I call her Esther Summerson,” says Mrs. Chadband, with austerity. “There was no Miiss-ing of the girl in my time. It was Esther, ‘Esther, do this! Esther, do that!’ and she was made to do it.”

“My dear ma'am,” returns! Mr. Guppy, moving across the small apartment, “the humble individual who now addresses you received that young lady in London, when she first came here from the establishment to which you have alluded. Allow me to have the pleasure of taking you by the hand.”

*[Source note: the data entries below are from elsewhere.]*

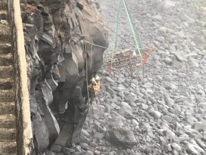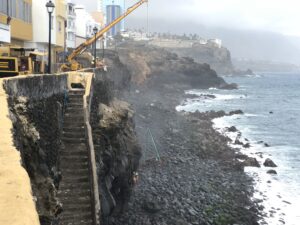 En estos momentos, estamos actuando en las dos primeras cuevas situadas en la mitad de la calle, aproximadamente, realizando “los trabajos de bulonado, poniendo unos hierros desde el mar hasta las casas, que reforzarán toda la vía, para posteriormente hormigonar y tapar las cuevas, además de realizar un fuerte con rocas para evitar que el mar llegue a la zona reparada”, explica el concejal de Urbanismo, Juan Carlos Marrero.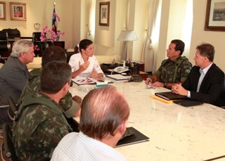 A governadora Roseana Sarney se reuniu com os comandos da SSP e do Exército Brasileiro, hoje, no Palácio dos Leões. No encontro, o governo reafirmou as ações que vem sendo desenvolvidas para a segurança da população, agradeceu o trabalho que vem sendo realizado por policiais militares e bombeiros que não aderiram à paralisação e a união de forças para garantir a tranqüilidade no estado.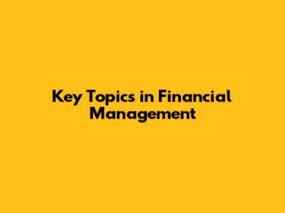 Key Topics In Financial Management
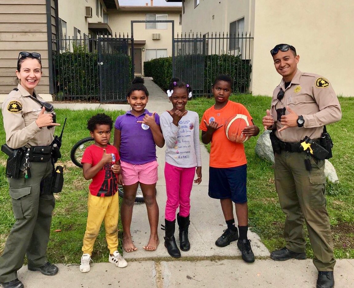 #InYourCommunity Recently, @SDSORSD Deputies White and Alegria met this great group of children in Spring Valley. They spent some time chatting and dribbling the basketball.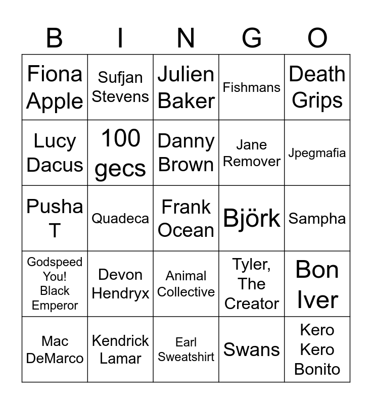 This bingo card has 25 words: Devon Hendryx, Earl Sweatshirt, Danny Brown, Mac DeMarco, Death Grips, Fiona Apple, Lucy Dacus, Sufjan Stevens, Björk, Animal Collective, Jane Remover, Pusha T, Tyler, The Creator, Bon Iver, 100 gecs, Kero Kero Bonito, Sampha, Julien Baker, Jpegmafia, Quadeca, Frank Ocean, Kendrick Lamar, Godspeed You! Black Emperor, Fishmans and Swans.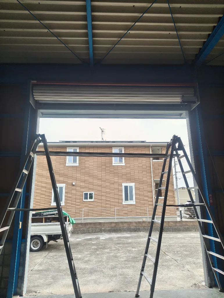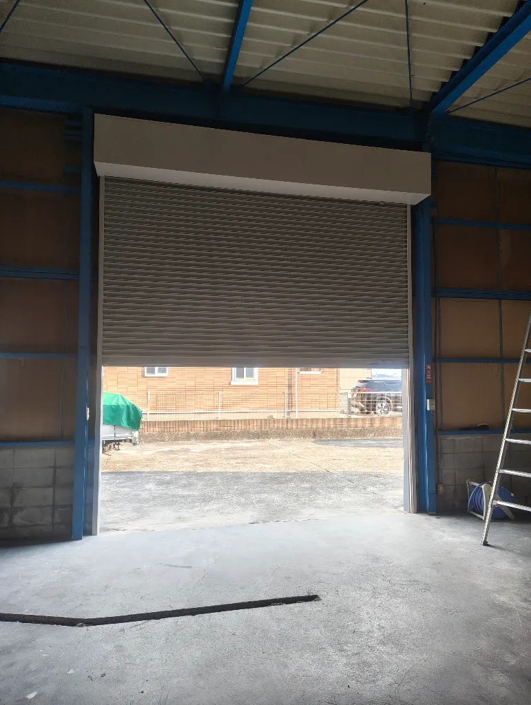 30年ほど経過した手動2連のシャッターを1連の電動シャッターへ取替を行いました!

Mr. Chadband, at last seeing his opportunity, makes his accustomed signal, and rises with a smoking head, which he dabs with his pocket-handkerchief. Mrs. Snagsby whispers “Hush!”

“My friends,” says Chadband, “we have partaken, in moderation” (which was certainly not the case so far as he was concerned), “of the comforts which have been provided for us. May this house live upon the fatness of the land; may corn and wine be plentiful therein; may it grow, may it thrive, may it prosper, may it advance, may it proceed, may it press forward! But, my friends, have we partaken of anything else? “We have. My friends, of what else have we partaken? Of spiritual profit? Yes. From whence have we derived that spiritual profit? My young friend, stand forth!”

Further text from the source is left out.